Intraspecies population structure analysis gave the optimum K value as K = 2 and K = 3 using Delta K and L (K) approaches respectively. Since delta K may erroneously result into K = 2 (Figs S2 and S3) both K Values were considered. In C. procera at K = 2, the populations grouped into West Africa (Mali K and Mali S) and East Africa populations (Baringo, Tharaka, Kibwezi, Tanzania). At K = 3 Baringo population separates from the rest of the East Africa populations, with Tanzania and Mali S populations showing admixtures (see Fig. 5).

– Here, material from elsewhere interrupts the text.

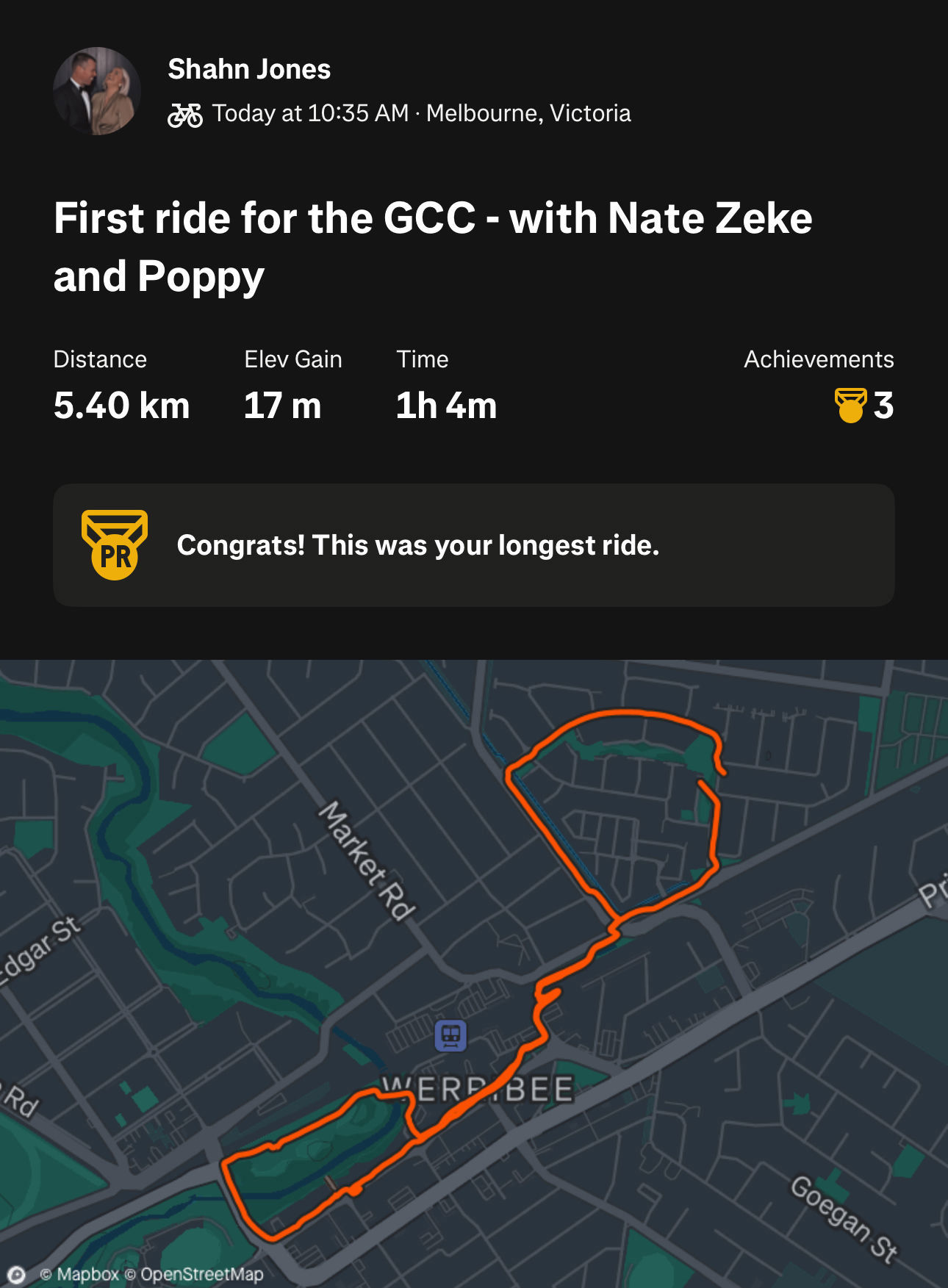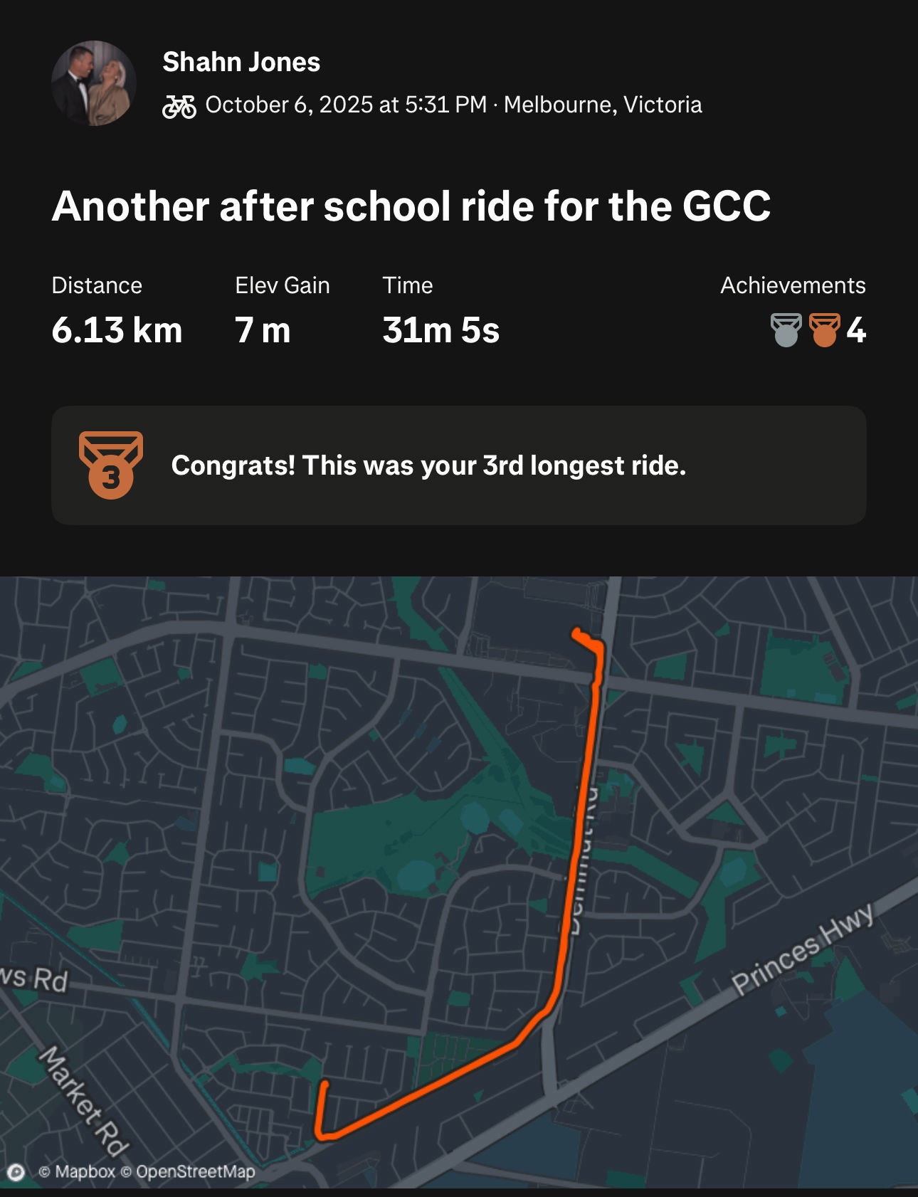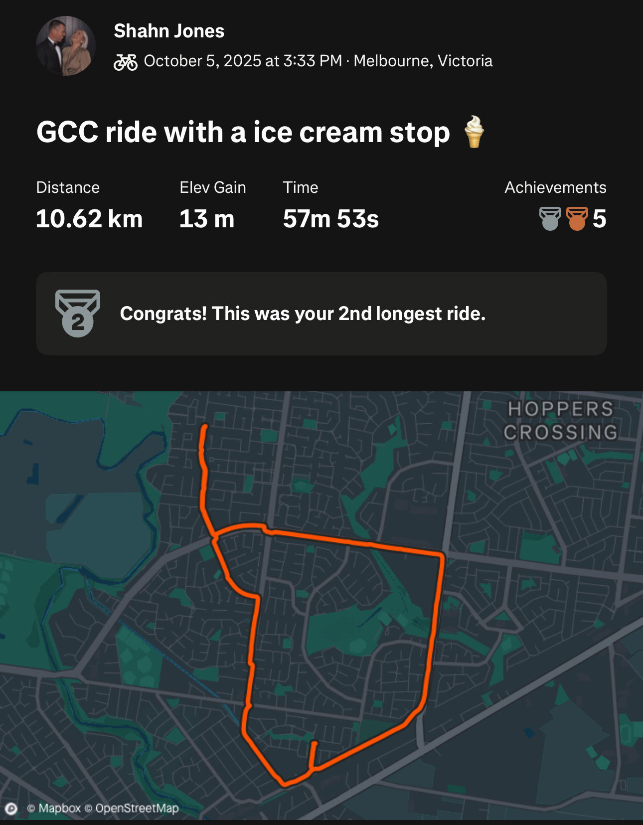 5.0 km ride - First ride to start our GCC campaign - Wednesday, October 1, 2025

In C. gigantea populations at K = 2, the Dongchuan population clustered with the Honghe population while the Hainan population grouped with the Nepal population, however at K = 3 the Nepal population and the Hainan population each formed a separate group (Fig. 5). These results were consistent with the analyses from both PCoA and NJ (Fig. 6).

Figure 5
figure 5

Principal coordinate analysis (PCoA) and Neighbour-joining (NJ) tree showing the relationships among populations of C. procera and C. gigantea. (a) PCoA for six populations of C. procera. (b) NJ for six populations of C. procera. (c) PCoA for four populations of C. gigantea. (d) NJ for four populations of C. gigantea. In each case, the colours correspond to the populations in NJ and PCoA.

Figure 6
figure 6

Structure bar plots showing the assignment of individuals into distinct genetic clusters. (a) C. procera (b) C. gigantea.

Genetic Differentiation

Patterns of genetic divergence by AMOVA analysis showed that 28.32% of total variation was accounted for by interspecific differences between C. procera and C. gigantea, with a FST value of 0.528. When AMOVA analysis was assessed within each species, C. procera had most genetic variation (55.35%) partitioned within individuals while in C. gigantea among-population divergence was highest (57.01%). The genetic differentiation (FST) for C. procera and C. gigantea were 0.366 and 0.57, respectively (Table 2). Among the sampled populations interspecies pairwise FST values were lowest between the Tharaka and Kibwezi populations both within C. procera (FST = 0.200) and the highest differentiation (FST = 0.491) was between the Baringo (C. procera) and Hainan (C. gigantea) populations (Table S3). Intraspecies pairwise FST values in C. procera showed that the most differentiated populations were between Baringo and Mali K (FST = 0.362), while in C. gigantea the Dongchuan and Hainan populations were the most differentiated (FST = 0.451) (Table S3). At the loci level the genetic differentiation (FST) ranged from 0.036 (CG71) to 0.707 (CG83) with a mean of 0.405 in C. gigantea whereas in C. procera the FST ranged from 0.024 (CG35) to 0.764 (CG83) with a mean of 0.291 (Table S2).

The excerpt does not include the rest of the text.